◆ **Requirement**:
Once you reach the line with "Bawełniane skarpetki damskie" below, copy each line exactly, stopping after the line with "For those who", and skip any pictures.

:: Records to use ::

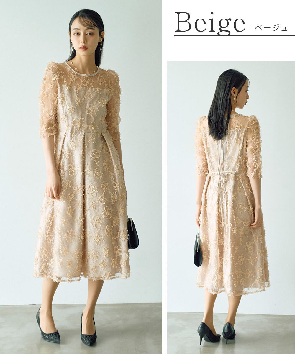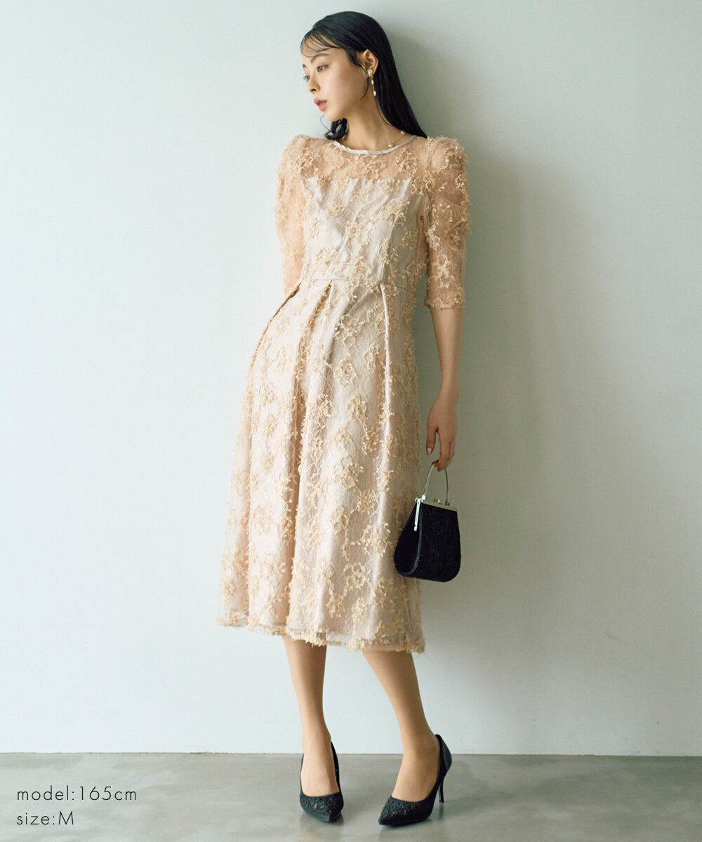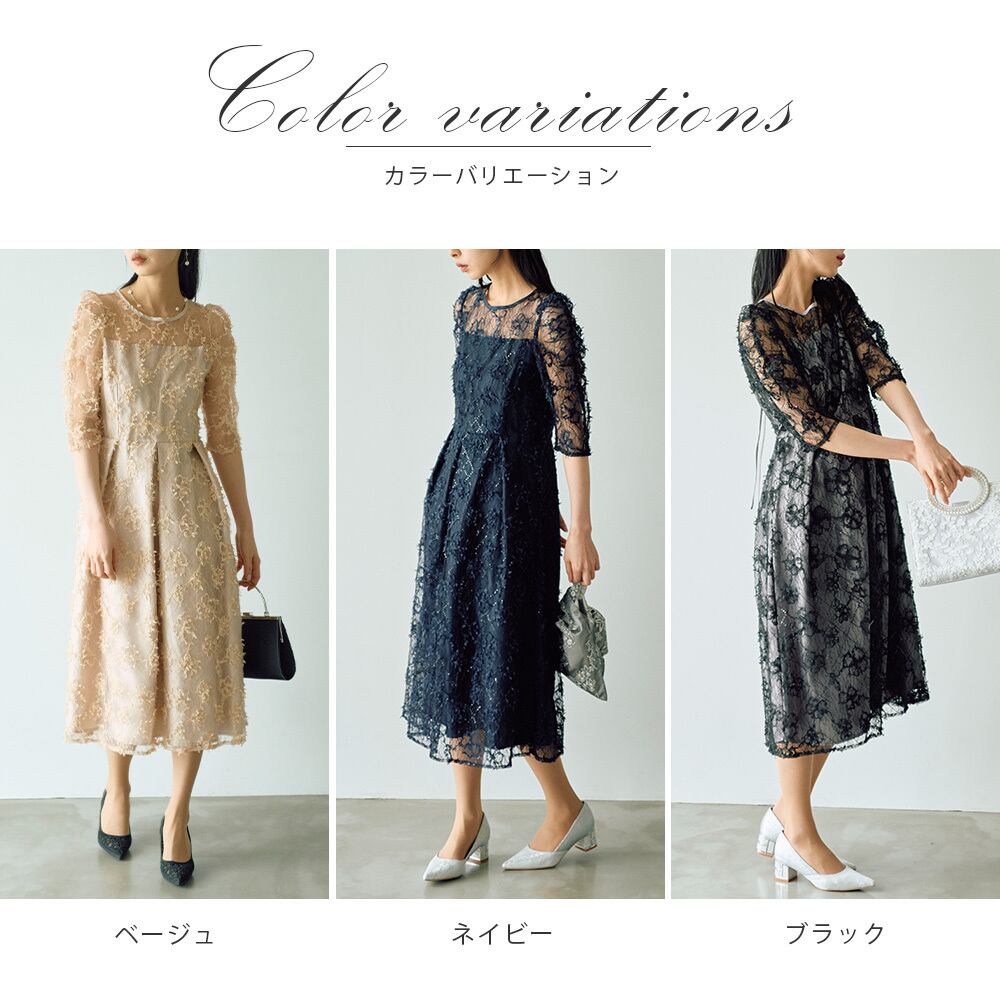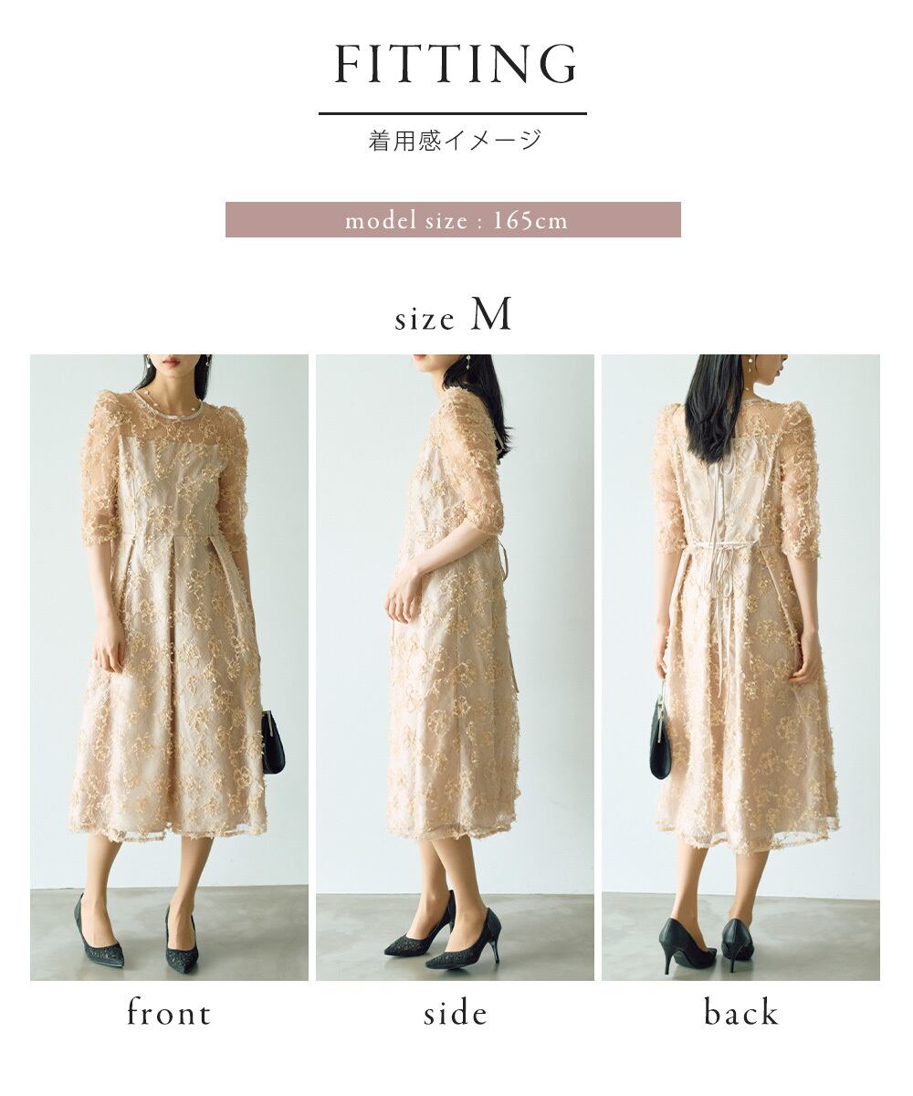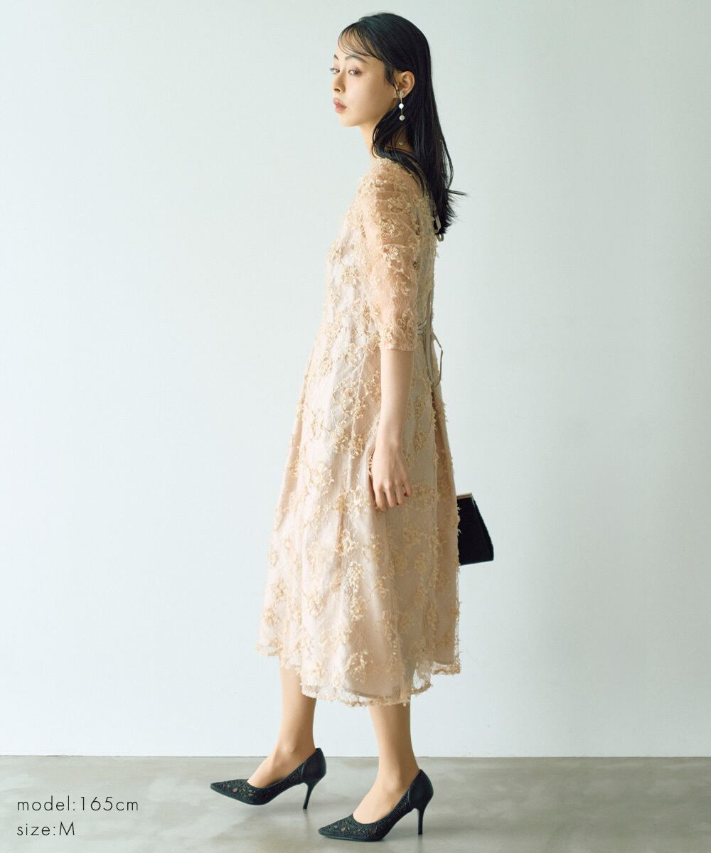 透け感のある上質な生地に立体感のある花柄刺繍が施されたこのドレスは、
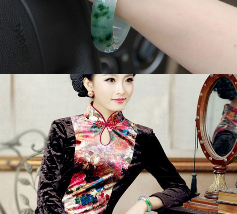 正品天然翡翠色手镯 冰种飘蓝花缅甸a货玉镯子正圈镯飘花玉手镯女
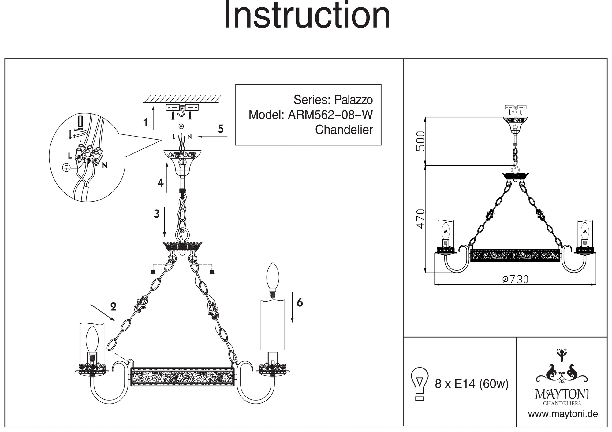 Люстра подвесная RC562-PL-08-W из серии Classic 12 от компании Maytoni устанавливается на металлический крюк. Классическая люстра в виде подсвечника прекрасно подойдет в качестве источника основного света для гостиной, спальни, кухни, кабинета, оформленных в стиле замковый. Основной цвет модели - белый, материал арматуры - металл. Люстра имеет 8 плафонов со свечением вверх, материал изготовления - стекло. Модель оснащена цоколем E14 (8xE14), имеет 8 лампочек с общей мощностью 480W и напряжением 220V. Светильник поддерживает подключение диммера. Габариты: высота - 470 мм, диаметр - 730 мм. Лампочки в комплект не входят. Лучшая цена и условия доставки на Maytoni RC562-PL-08-W в интернет-магазине Fedomo.ru.
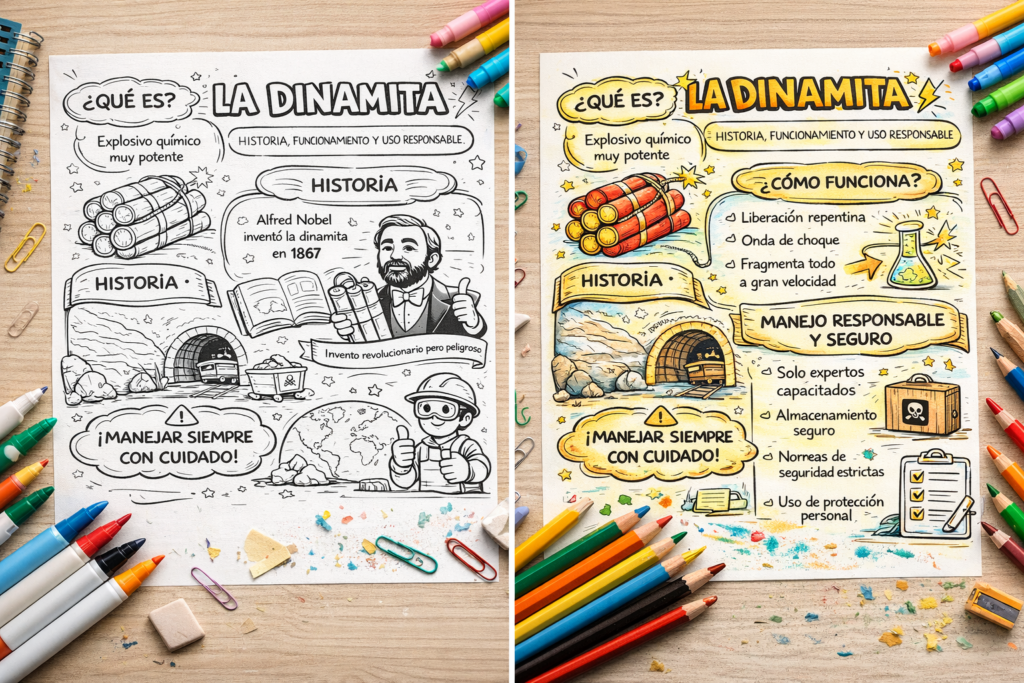 🚀 Esta hoja de colorear nos invita a descubrir la historia de la dinamita, su funcionamiento básico y la importancia de su manejo seguro.
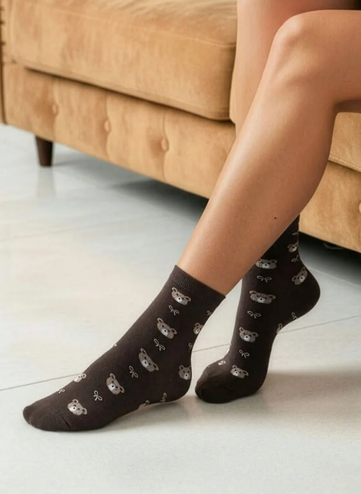 Bawełniane skarpetki damskie - z nieuciskającym ściągaczem - ozdobione delikatnym wzorem z misiami - płaski szew   Skład: 75% bawełna, 20% poliamid, 5% elastan
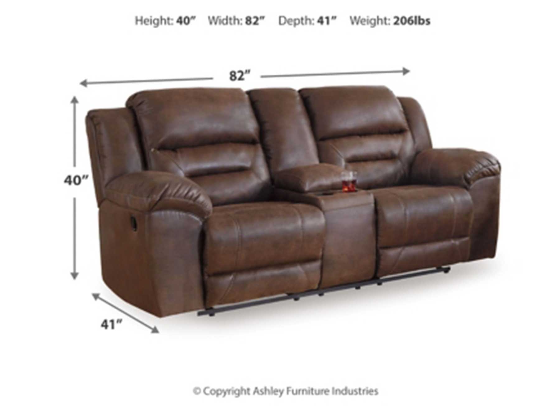 For those who love the cool look of leather but long for the warm feel of fabric, the Stoneland reclining loveseat with console delivers both with ease. Its high-performance padded faux leather is remarkably durable and easy to clean, making it just the thing for family spaces. Channel-stitched back cushions provide indulgent lumbar support for maximum comfort—not to mention fashion-forward flair.
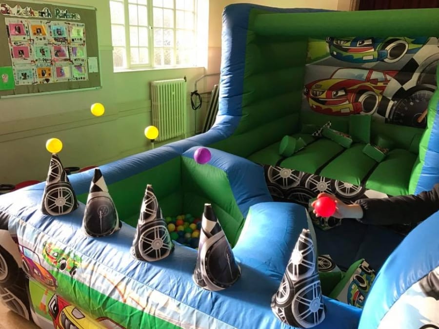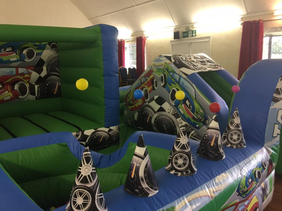Enclosed and perfect for indoor or outdoor hire this play park includes the following: a fantastic transport theme, a Small Bouncy Castle, a Ball Pond with balls, Air Jugglers, an Up and Over Slide and a small soft play set. Fantastic for a cars themed party or any kind of racing game! Most suitable for younger children.
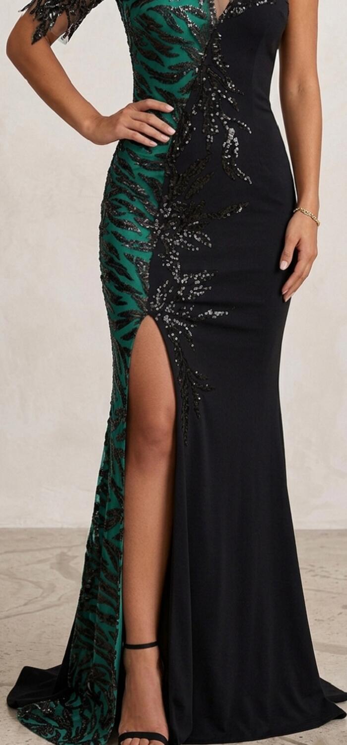 elastico crèpe di alta qualita'con la parte destra doppiata con fodera elastica con colore a contrasto sotto un bellissimo e ricchissimo tulle trasparente ricamato con paillettes nere che salgono su tutta la spalla destra con una mezza manichetta aperta sotto e tulle trasparente sul lato sinistro, per dare l'effetto nudo sul lato opposto. spacco alto a destra e schiena coperta leggermente a V con chiusura a zip.
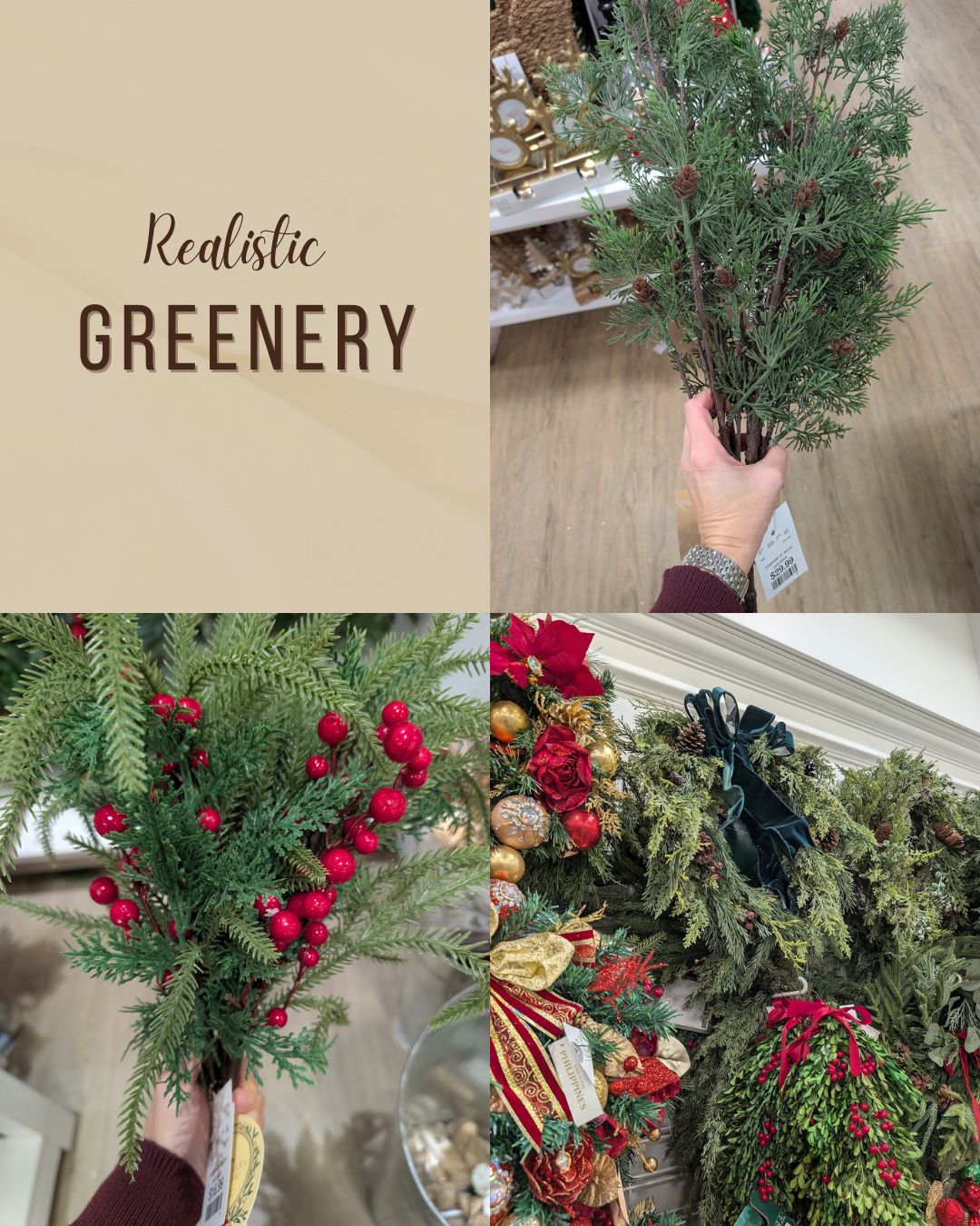 The other evening I was at HomeGoods and found some amazing and affordable greenery – branches, glittery pine cones, and this gorgeous wreath:
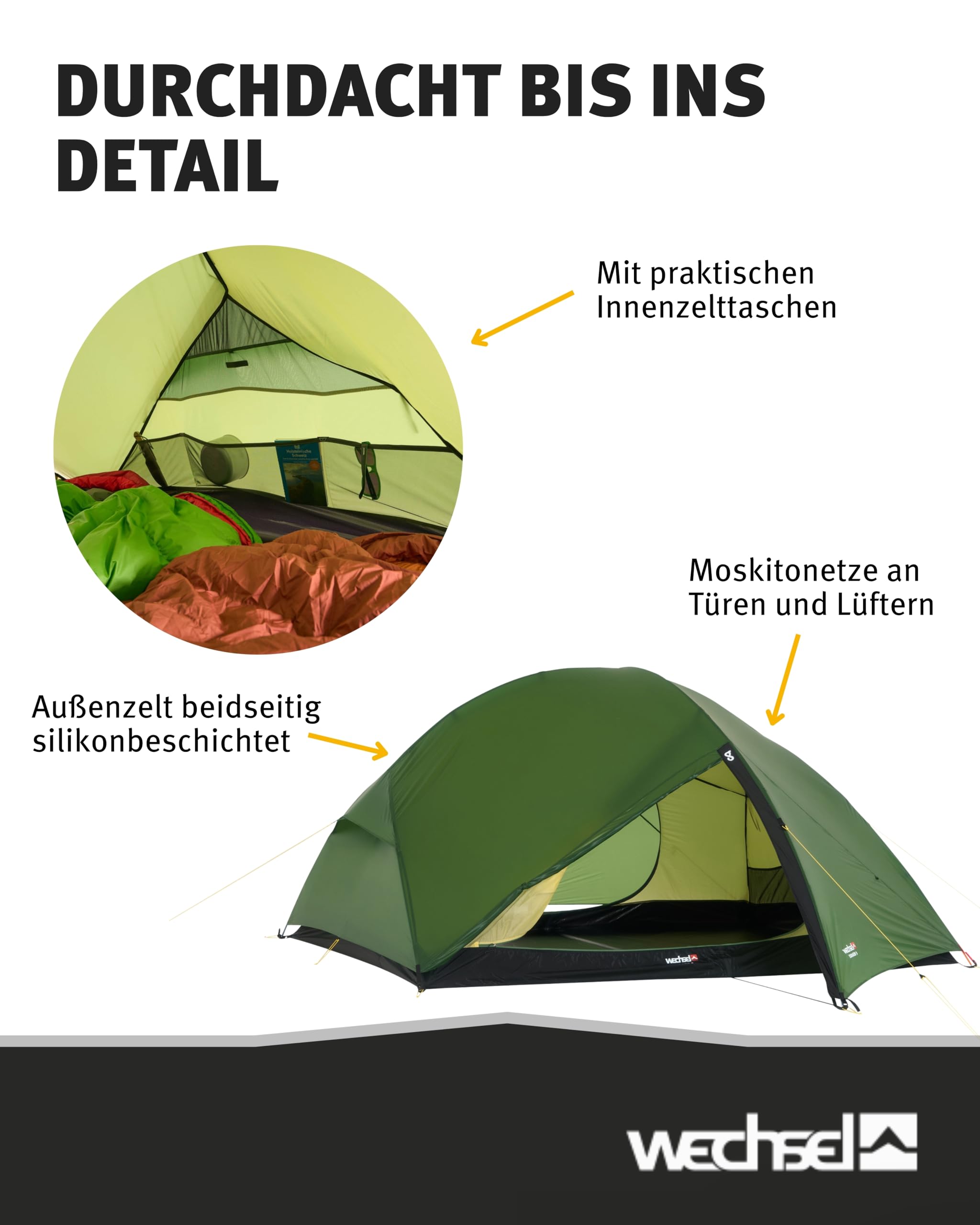 Das Wechsel Charger 3 ist dein perfekter Begleiter für Outdoor-Abenteuer! Als freistehendes Kuppelzelt bietet es Platz für bis zu 3 Personen mit einer geräumigen Liegefläche von 220x170cm und einer komfortablen Sitzhöhe von 110cm. Mit nur 3,2kg Gewicht und einem kompakten Packmaß von Ø19x58cm ist es ideal für Wanderungen, Radtouren oder Camping-Ausflüge. Besonders praktisch: Die zwei großen Apsiden mit 90cm Tiefe bieten jede Menge Stauraum für Gepäck und Ausrüstung. Durch die speziellen Aluminium-Knotenpunkte am Gestänge steht das Zelt bombenfest, auch bei windigem Wetter. Die großflächigen Moskitonetze sorgen für optimale Belüftung ohne unangenehmen Zug. Das Innenzelt kann alleine bei schönem Wetter genutzt werden, bei Regen kommt einfach das wasserdichte Außenzelt darüber (5000mm Wassersäule). Der Boden hat sogar 7000mm Wassersäule - da bleibt alles trocken! Seit über 30 Jahren steht Wechsel für qualitativ hochwertige Zelte, die wirklich halten, was sie versprechen. Ob Wochenendtrip oder längere Trekking-Tour - mit diesem Zelt bist du bestens ausgerüstet!
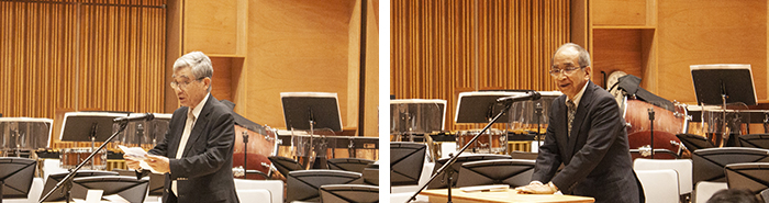 中山学長は「音楽ホール棟の完成を契機として、本学と芸術緑丘高校との高大連携を一層強化するとともに、地域の皆様に愛され、大分の地方創生を担い、支える人材を輩出する大学となれるよう、努めてまいります。」とあいさつし、広瀬知事が「この音楽ホール棟は、本学の芸術文化の香りの高さを象徴する、整備事業の中でも最も重要な施設です。これからの芸術文化短期大学の象徴として、地域の皆様に愛されることを期待しています。」と完成を祝いました。

:::

◆ **The answer**:
 Bawełniane skarpetki damskie - z nieuciskającym ściągaczem - ozdobione delikatnym wzorem z misiami - płaski szew   Skład: 75% bawełna, 20% poliamid, 5% elastan
 For those who love the cool look of leather but long for the warm feel of fabric, the Stoneland reclining loveseat with console delivers both with ease. Its high-performance padded faux leather is remarkably durable and easy to clean, making it just the thing for family spaces. Channel-stitched back cushions provide indulgent lumbar support for maximum comfort—not to mention fashion-forward flair.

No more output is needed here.